Distributed System - MIT 6.824 Raft Lab 4B
Lab 4B
Lab 4B is to build a key/value storage that shards or partitions. Each of the shard/partition has several replica servers that based on Raft to maintain strong consistency. Each replica group is only responsible of a subset of the key/values. Main functions:
- Each group services a certain number of shards, that support get, put and append to the particular shards;
- A shardmaster from Lab 4A manages congiruation changes, i.e., adding new groups, remove groups, etc, and allocate shards accordingly;
- Each group acquire the shardmaster for configuration change, and migrates shards based on the new shard arrangement.
- Client/clerk send request to all the groups until the operation is completed.

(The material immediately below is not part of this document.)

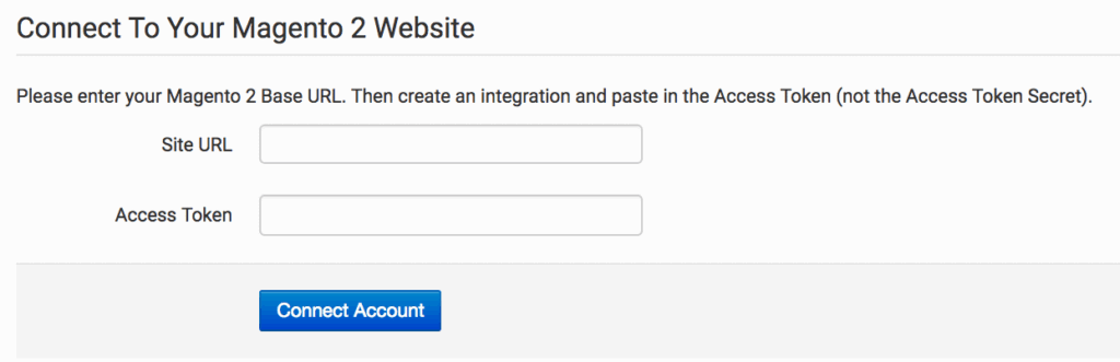 To complete the connection, you will need to get an Integration Access Token from Magento.
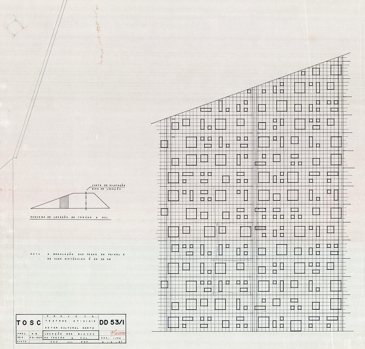Planta original do emblemático painel de Athos Bulcão O Sol Faz a Festa, localizado na fachada do Teatro Nacional | Imagem: Arquivo Público do DF

High level operation sequence
How to detect configuration change?
Server acquire shardmaster and if the current config is less than the latest config, update the current to next config. The update should be one by one, i.e., if the old one has not completed updating, even the shard master has new config, the server should wait until the previous finished.
Who should detect configuration change, all servers or only leaders?
To maintain strong consistency, only leader need to detect configuration change, and send to raft for updating all followers. So that all servers in the group maintain the same information.
What server should do when it detects configuration change?
- The group should update its service shards, if some shards still in this group, than the server should continue to service these servers. This can be achieved by maintaining a service shard in the group.
- The server should push shards that no longer belongs to the group, or pull shards from other groups.
Implementation
New State
Obviously, we have to add shard information for each of the key/value pair, i.e., the shard that this key/value belongs to. Because Lab 4B uses a key to shard map, and the total number of shard is fixed. I used a simpler approach that represent each shard as a map data in the server. This way, it is easier to move the complete shard in or out of the database.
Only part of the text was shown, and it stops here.